**Work instruction**. Pictures in the data should be dropped; transcribe exactly the lines from the one that has "VTG NWOB Handmade" through the one that has "Edytor tapety: Kot".

Source records: Begin

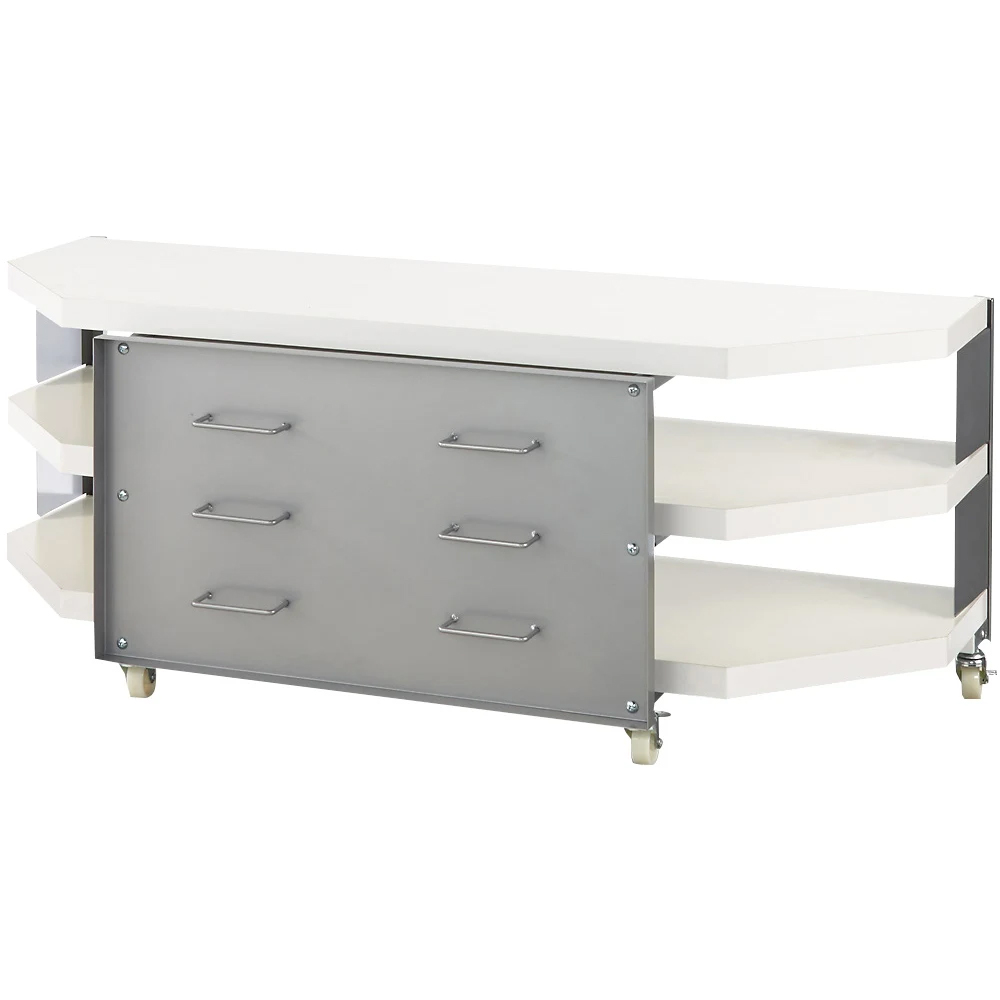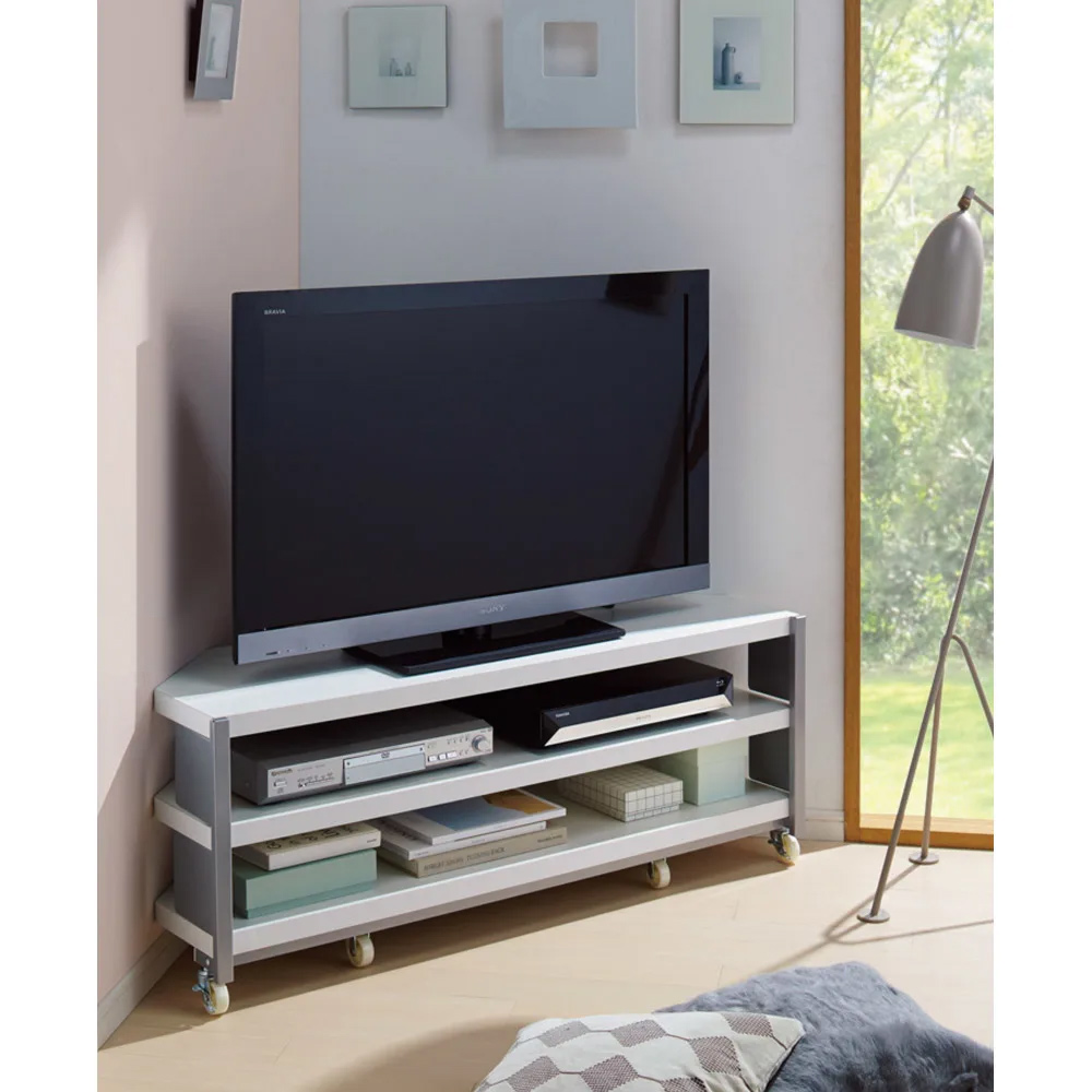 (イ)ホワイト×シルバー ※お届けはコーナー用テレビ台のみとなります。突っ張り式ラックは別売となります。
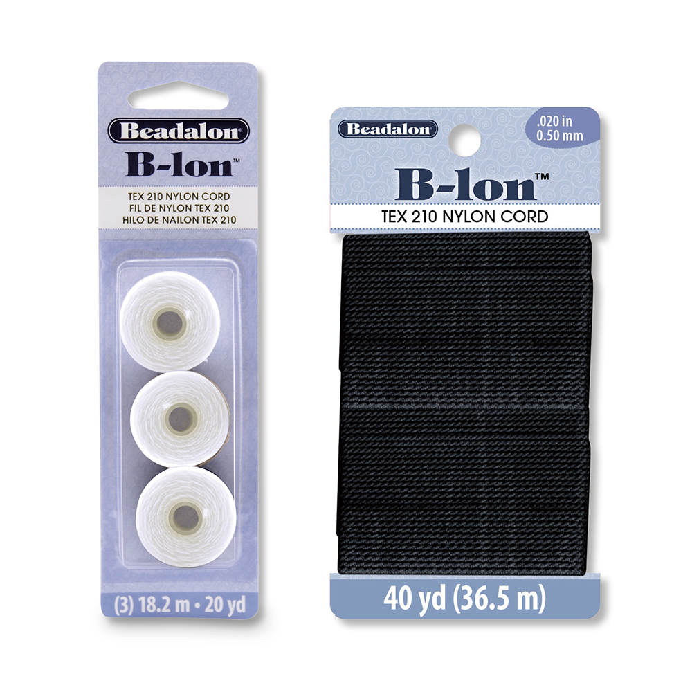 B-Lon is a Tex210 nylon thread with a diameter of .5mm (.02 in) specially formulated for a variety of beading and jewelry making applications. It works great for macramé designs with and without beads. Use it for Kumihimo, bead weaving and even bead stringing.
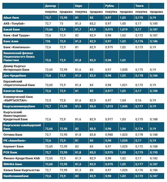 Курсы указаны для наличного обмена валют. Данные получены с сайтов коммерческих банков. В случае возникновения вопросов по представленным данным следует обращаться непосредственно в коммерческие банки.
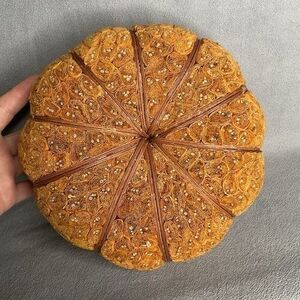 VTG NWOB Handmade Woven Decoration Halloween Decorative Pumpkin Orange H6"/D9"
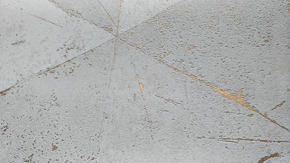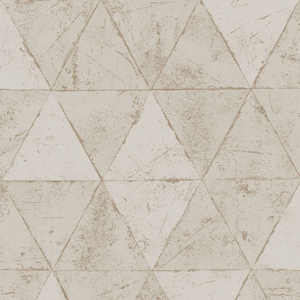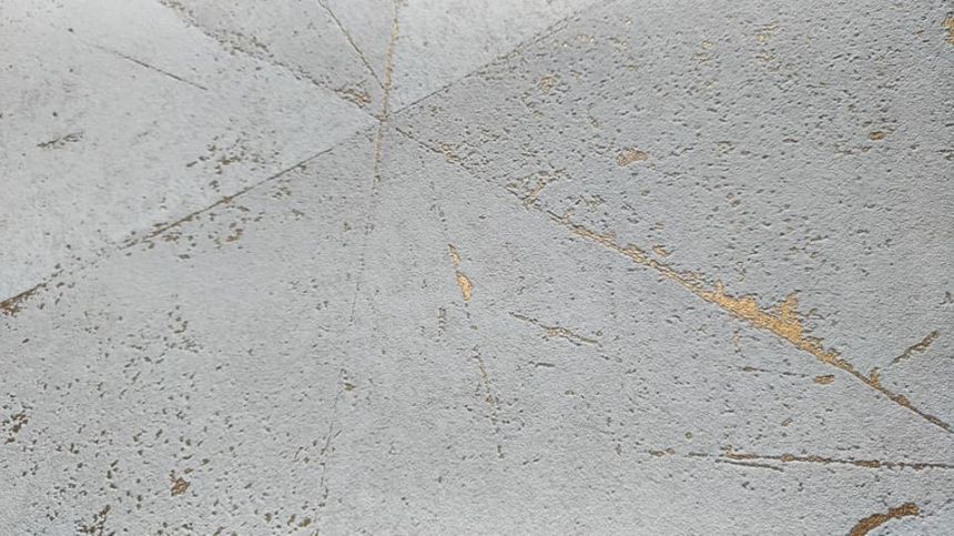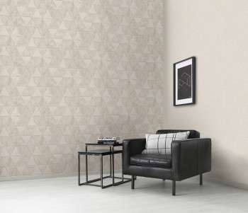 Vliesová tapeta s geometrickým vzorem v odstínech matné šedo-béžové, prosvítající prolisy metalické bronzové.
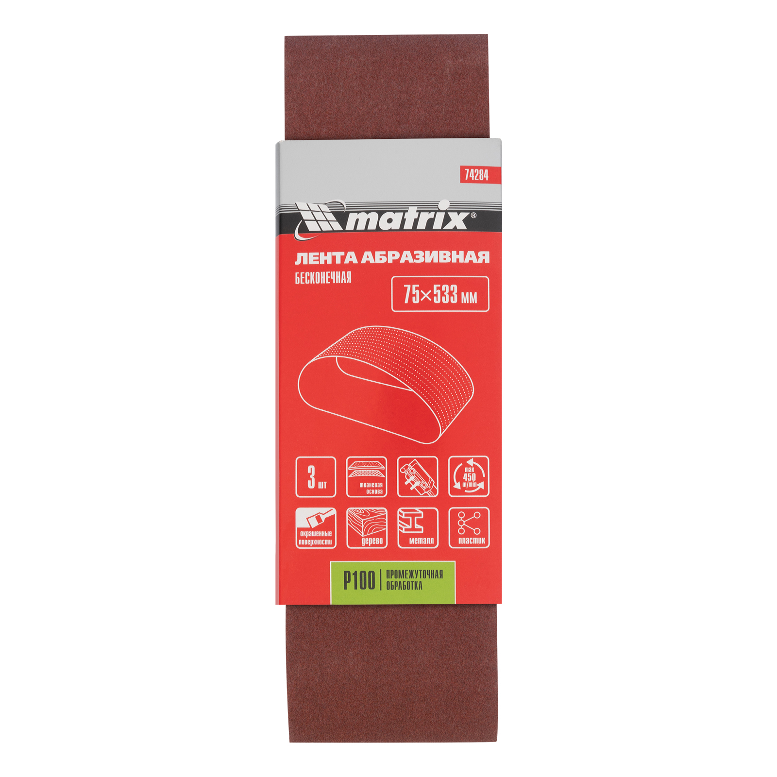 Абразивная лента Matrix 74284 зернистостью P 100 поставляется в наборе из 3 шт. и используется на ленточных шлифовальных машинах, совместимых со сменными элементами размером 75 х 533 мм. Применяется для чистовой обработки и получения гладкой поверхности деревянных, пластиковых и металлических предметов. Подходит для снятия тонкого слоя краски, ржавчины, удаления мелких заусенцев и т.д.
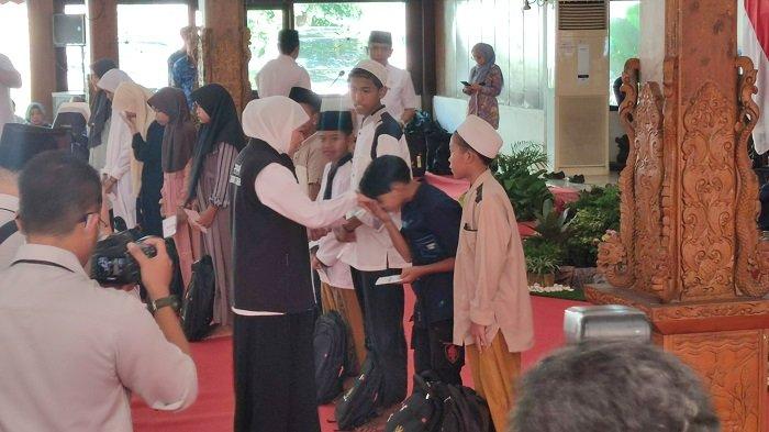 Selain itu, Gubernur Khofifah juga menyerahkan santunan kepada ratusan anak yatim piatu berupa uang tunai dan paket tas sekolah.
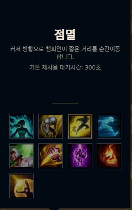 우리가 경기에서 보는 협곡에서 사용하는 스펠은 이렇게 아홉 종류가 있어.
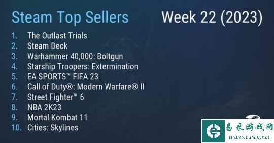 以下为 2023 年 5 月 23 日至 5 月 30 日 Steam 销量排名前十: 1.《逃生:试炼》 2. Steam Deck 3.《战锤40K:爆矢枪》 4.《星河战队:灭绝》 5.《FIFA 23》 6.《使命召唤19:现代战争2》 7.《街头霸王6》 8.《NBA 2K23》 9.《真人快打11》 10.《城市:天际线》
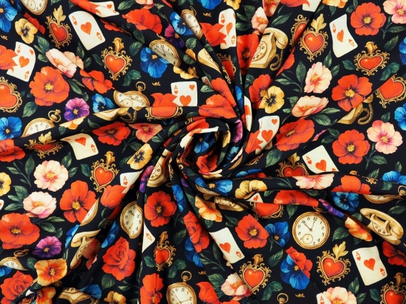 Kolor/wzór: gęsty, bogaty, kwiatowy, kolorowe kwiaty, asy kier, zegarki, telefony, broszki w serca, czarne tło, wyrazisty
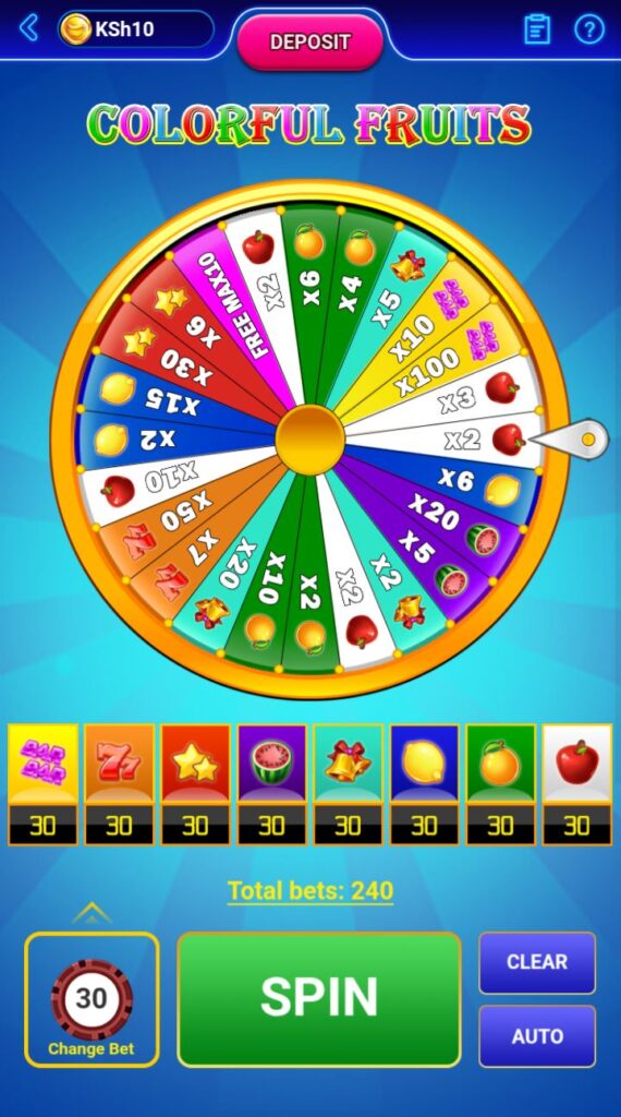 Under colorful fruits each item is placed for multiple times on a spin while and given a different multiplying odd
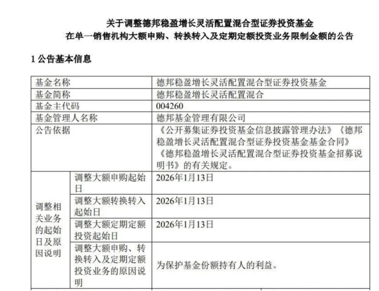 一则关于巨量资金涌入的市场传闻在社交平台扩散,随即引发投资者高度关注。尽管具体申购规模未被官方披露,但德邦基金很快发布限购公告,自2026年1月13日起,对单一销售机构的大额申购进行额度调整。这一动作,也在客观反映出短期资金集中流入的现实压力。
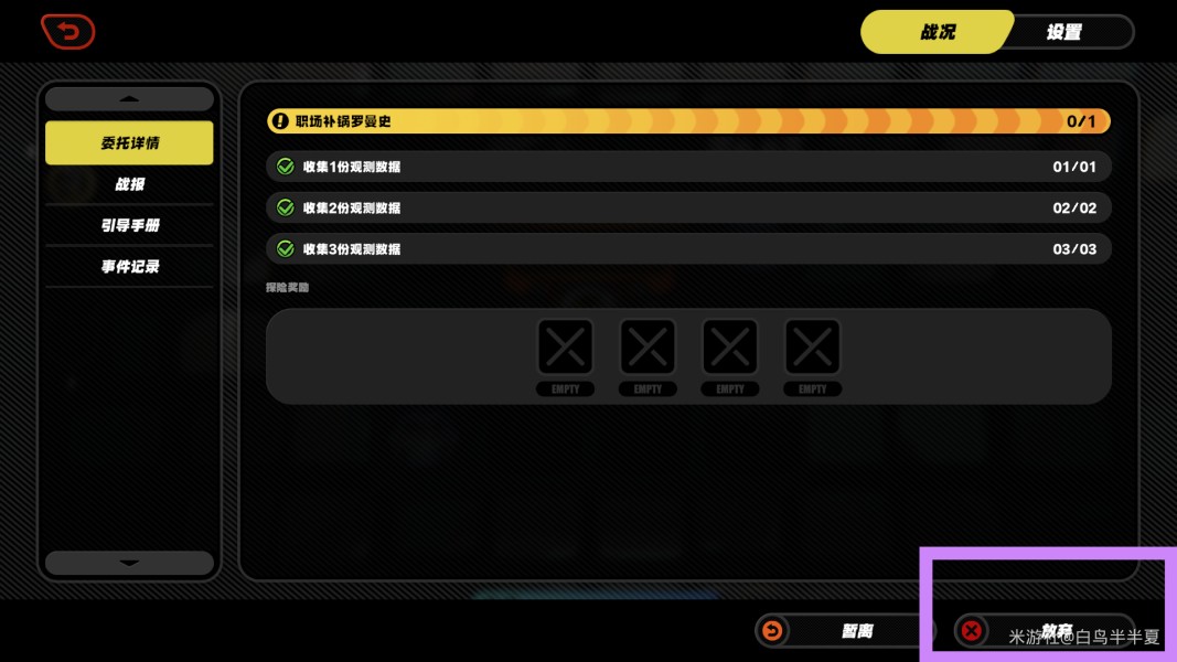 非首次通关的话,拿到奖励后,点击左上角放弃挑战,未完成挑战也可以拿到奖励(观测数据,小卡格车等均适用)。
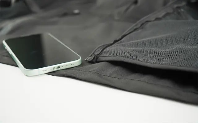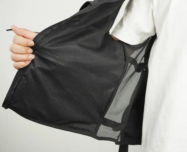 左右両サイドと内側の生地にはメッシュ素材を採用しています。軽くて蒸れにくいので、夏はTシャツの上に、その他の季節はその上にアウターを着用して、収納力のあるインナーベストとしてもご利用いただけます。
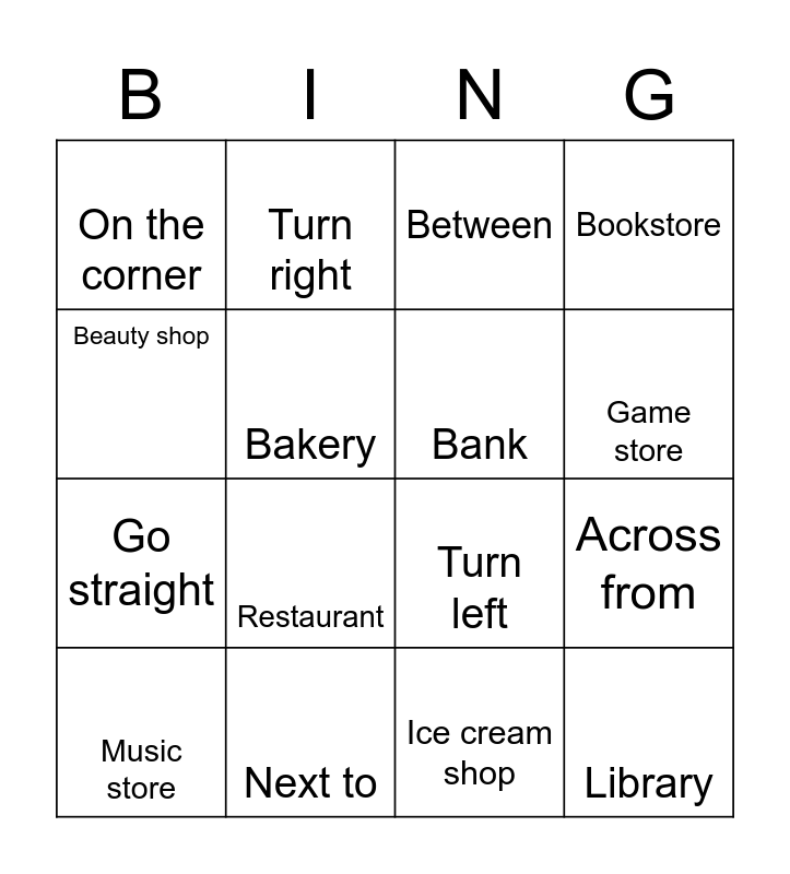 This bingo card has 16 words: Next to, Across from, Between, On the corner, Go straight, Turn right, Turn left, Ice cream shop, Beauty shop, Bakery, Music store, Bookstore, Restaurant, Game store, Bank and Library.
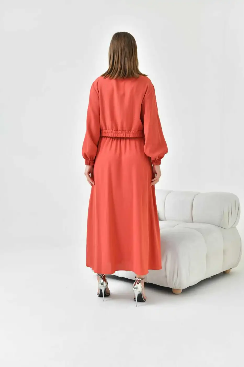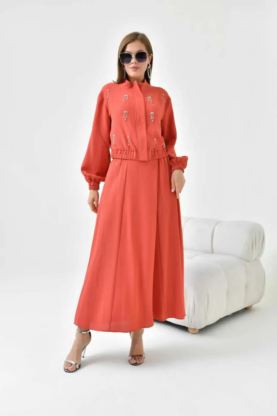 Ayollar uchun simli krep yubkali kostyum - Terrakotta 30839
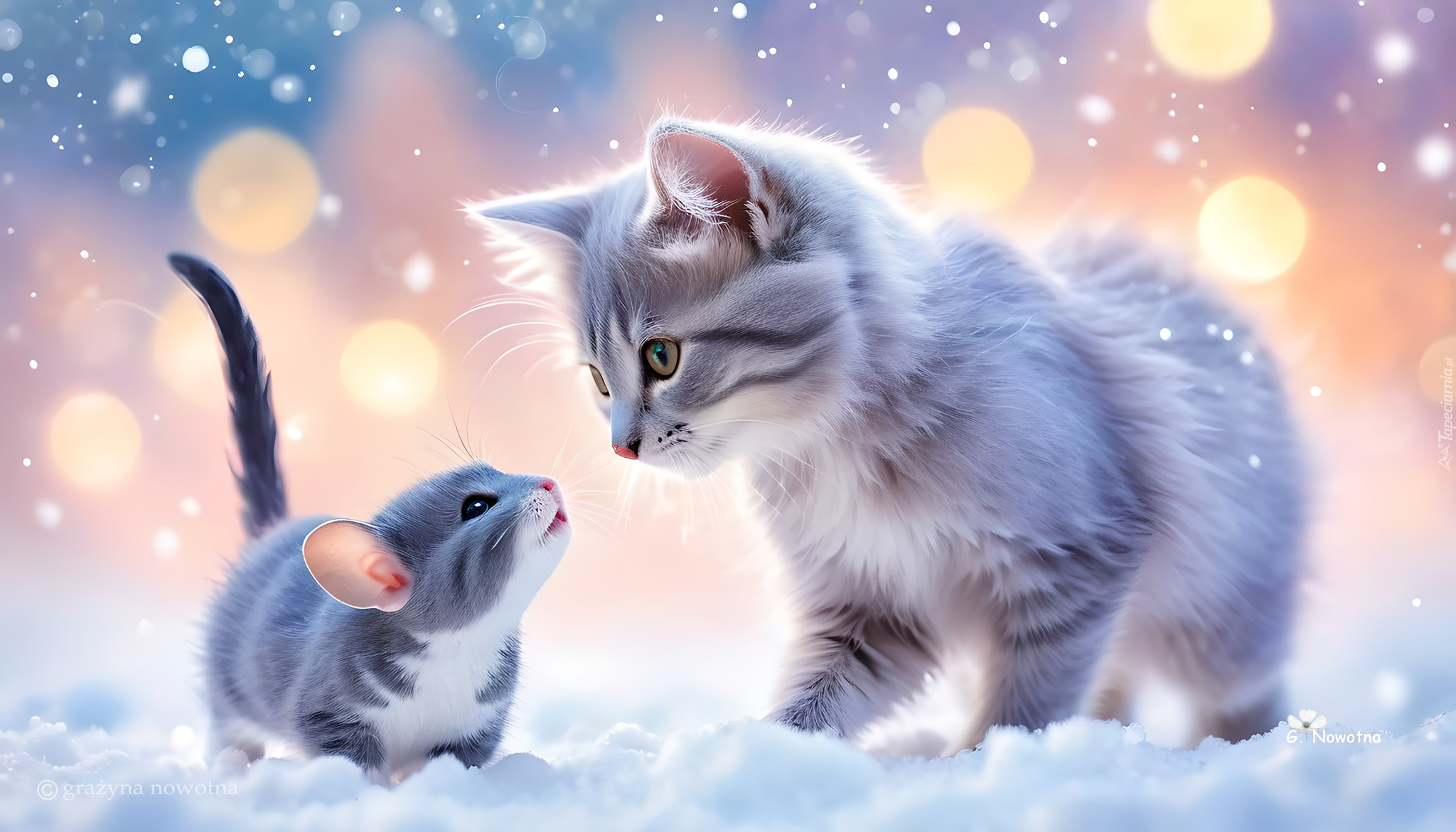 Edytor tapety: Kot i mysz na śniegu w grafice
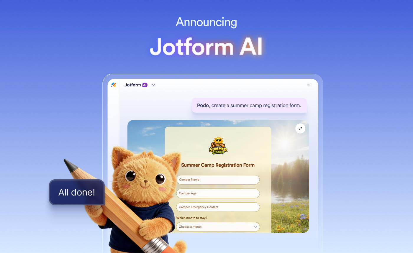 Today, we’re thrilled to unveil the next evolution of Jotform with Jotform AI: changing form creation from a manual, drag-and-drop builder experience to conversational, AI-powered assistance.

Source records: End

**Answer space**.
 VTG NWOB Handmade Woven Decoration Halloween Decorative Pumpkin Orange H6"/D9"
 Vliesová tapeta s geometrickým vzorem v odstínech matné šedo-béžové, prosvítající prolisy metalické bronzové.
 Абразивная лента Matrix 74284 зернистостью P 100 поставляется в наборе из 3 шт. и используется на ленточных шлифовальных машинах, совместимых со сменными элементами размером 75 х 533 мм. Применяется для чистовой обработки и получения гладкой поверхности деревянных, пластиковых и металлических предметов. Подходит для снятия тонкого слоя краски, ржавчины, удаления мелких заусенцев и т.д.
 Selain itu, Gubernur Khofifah juga menyerahkan santunan kepada ratusan anak yatim piatu berupa uang tunai dan paket tas sekolah.
 우리가 경기에서 보는 협곡에서 사용하는 스펠은 이렇게 아홉 종류가 있어.
 以下为 2023 年 5 月 23 日至 5 月 30 日 Steam 销量排名前十: 1.《逃生:试炼》 2. Steam Deck 3.《战锤40K:爆矢枪》 4.《星河战队:灭绝》 5.《FIFA 23》 6.《使命召唤19:现代战争2》 7.《街头霸王6》 8.《NBA 2K23》 9.《真人快打11》 10.《城市:天际线》
 Kolor/wzór: gęsty, bogaty, kwiatowy, kolorowe kwiaty, asy kier, zegarki, telefony, broszki w serca, czarne tło, wyrazisty
 Under colorful fruits each item is placed for multiple times on a spin while and given a different multiplying odd
 一则关于巨量资金涌入的市场传闻在社交平台扩散,随即引发投资者高度关注。尽管具体申购规模未被官方披露,但德邦基金很快发布限购公告,自2026年1月13日起,对单一销售机构的大额申购进行额度调整。这一动作,也在客观反映出短期资金集中流入的现实压力。
 非首次通关的话,拿到奖励后,点击左上角放弃挑战,未完成挑战也可以拿到奖励(观测数据,小卡格车等均适用)。
 左右両サイドと内側の生地にはメッシュ素材を採用しています。軽くて蒸れにくいので、夏はTシャツの上に、その他の季節はその上にアウターを着用して、収納力のあるインナーベストとしてもご利用いただけます。
 This bingo card has 16 words: Next to, Across from, Between, On the corner, Go straight, Turn right, Turn left, Ice cream shop, Beauty shop, Bakery, Music store, Bookstore, Restaurant, Game store, Bank and Library.
 Ayollar uchun simli krep yubkali kostyum - Terrakotta 30839
 Edytor tapety: Kot i mysz na śniegu w grafice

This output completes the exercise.